Segundo a confissão, Mackenzie encontrou Ajayi no parque. Ele a levou para sua casa, amarrou suas mãos e tentou sufocá-la. Depois, usou um cinto para estrangulá-la. Em seguida, enterrou o corpo no quintal, queimou restos e pertences, removeu o que restava e levou para Logan Canyon, onde tentou esconder definitivamente a vítima.
Foi uma sequência de brutalidade e cálculo. Primeiro, a aproximação virtual. Depois, o encontro em local isolado. Em seguida, a violência dentro de casa. Por fim, a tentativa de destruir provas e apagar a existência da jovem.
Mas ele falhou. A tecnologia, a perícia, os registros de celular, as câmeras e os vizinhos reconstruíram o caminho que ele tentou esconder.

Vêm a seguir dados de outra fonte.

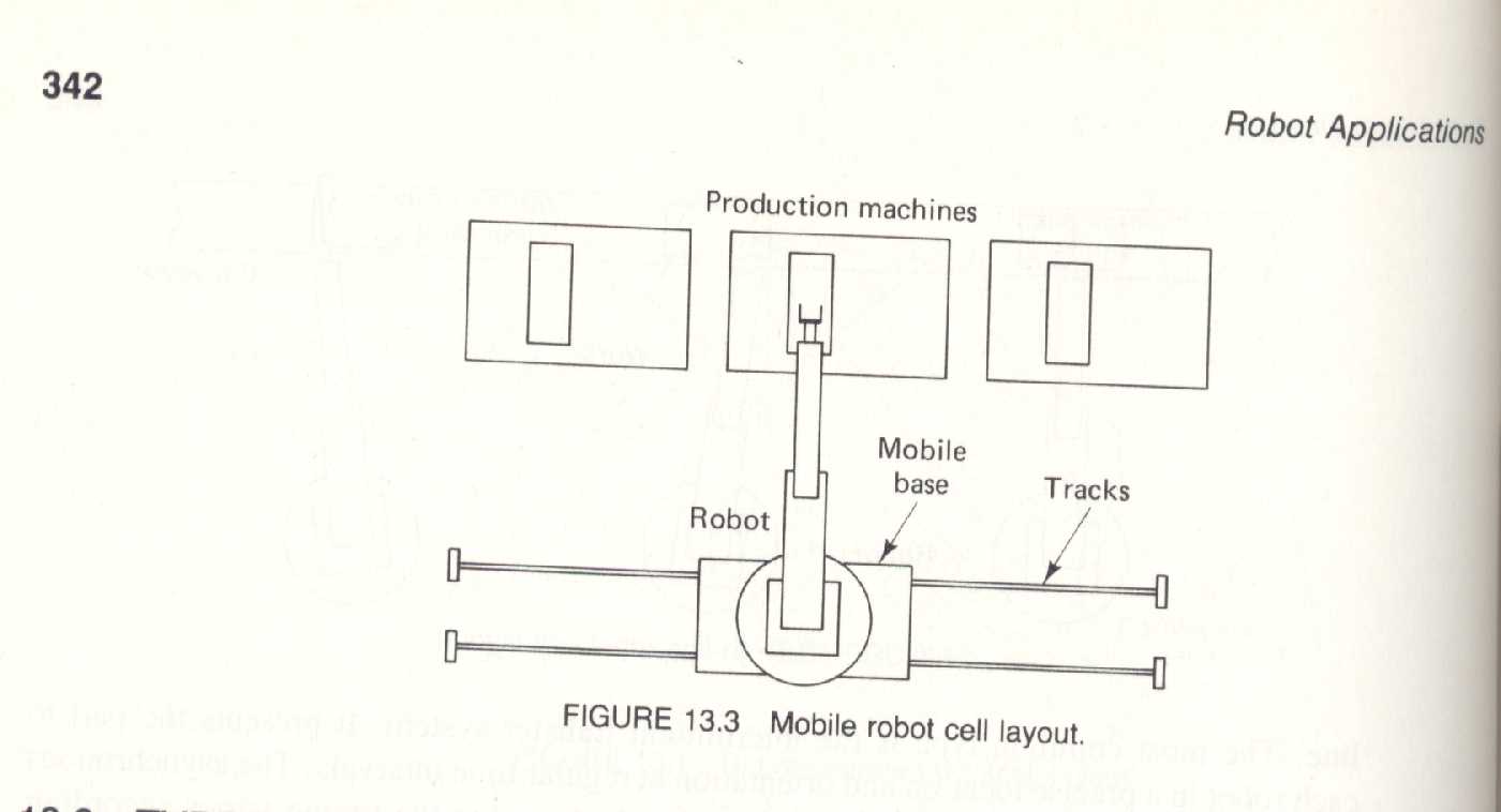 3.- Una posible conceptualización de este esquema de célula está presente en la Figura 13.3. En este arreglo, el robot se provee con medios siendo transportados dentro de la célula desarrollando diversas tareas a ubicaciones diferentes. El mecanismo de transporte consiste en un piso montado o sistema superior de carril que permite al robot ser movido a lo largo de una trayectoria lineal. La célula móvil de robot es apropiada en instalaciones donde el robot debe atender más de una de estación de trabajo (por ejemplo, una producción de maquinaría), y las estaciones de trabajo no pueden ubicarse alrededor del robot en un robot. Una razón posible es por qué el robot tendría que reubicarse por sí mismo en las estaciones de trabajo que son separadas geográficamente por distancias mayores a la capacidad de alcance des robot.

A Sentença Que Não Apaga A Dor
Em outubro de 2020, Ajayi foi condenado à prisão perpétua sem possibilidade de liberdade condicional, além de pena adicional pela profanação do corpo. Durante a audiência, pediu desculpas em voz baixa e disse lamentar o que havia feito. Mas, para a família de Mackenzie, nenhuma palavra poderia trazer a jovem de volta.

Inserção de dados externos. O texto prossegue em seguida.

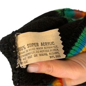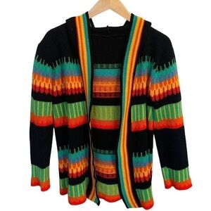 Vintage acrylic multi-color open front hooded cardigan sweater. Brand unknown. In very good used condition; gently worn, no flaws.

O pai dela falou sobre a dor de nunca mais ver a filha, de não acompanhá-la em um casamento, de não conhecer futuros netos que ela poderia ter dado à família, de ver uma vida inteira arrancada por um homem que a conheceu pela internet e decidiu destruí-la. A mãe também expressou alívio parcial pela sentença, mas deixou claro que justiça não é o mesmo que reparação.
Prisão perpétua impede que Ajayi faça novas vítimas fora da cadeia. Mas não devolve a filha aos pais. Não devolve a amiga às amigas. Não devolve o futuro que Mackenzie havia começado a construir.
O Alerta Que Fica Para Todos
O caso Mackenzie Lueck não deve ser usado para julgar a vítima. Deve ser usado para alertar sobre riscos reais de encontros com desconhecidos em ambientes digitais. Aplicativos e sites de relacionamento fazem parte do mundo moderno, mas não eliminam perigos antigos: manipulação, mentira, violência e predadores escondidos atrás de boas conversas.
O encontro em local isolado, de madrugada, sem que familiares ou amigos soubessem, tornou Mackenzie vulnerável. Isso não a torna culpada. Torna o caso um aviso doloroso. Encontros com pessoas conhecidas online devem acontecer em locais públicos, movimentados, com alguém informado sobre horário, endereço e identidade da pessoa. A confiança deve ser construída com tempo, não entregue no primeiro contato presencial.
Uma Jovem Que Não Pode Ser Reduzida Ao Crime
Mackenzie era muito mais do que o modo como morreu. Era estudante, filha, amiga, voluntária, jovem cheia de planos, alguém que defendia causas ligadas às mulheres e queria seguir uma carreira na saúde. A brutalidade do assassino não pode apagar quem ela foi.
Casos assim chocam porque revelam como uma vida inteira pode ser interrompida por uma decisão cruel de outra pessoa. Mas também ensinam que a memória da vítima deve ser preservada com respeito. Não como curiosidade mórbida. Não como julgamento. Mas como lembrança de que havia ali uma pessoa real.
Mackenzie Lueck saiu de um funeral carregando tristeza e talvez buscando alguma conexão humana. Encontrou um assassino. E o mundo perdeu uma jovem que ainda tinha tudo pela frente.
No fim, o caso deixa uma pergunta que incomoda: quantas pessoas ainda estão entrando em carros, indo a encontros e confiando em perfis que escondem monstros?
A resposta talvez nunca seja confortável. Mas o alerta precisa ser ouvido antes que outra história termine do mesmo jeito.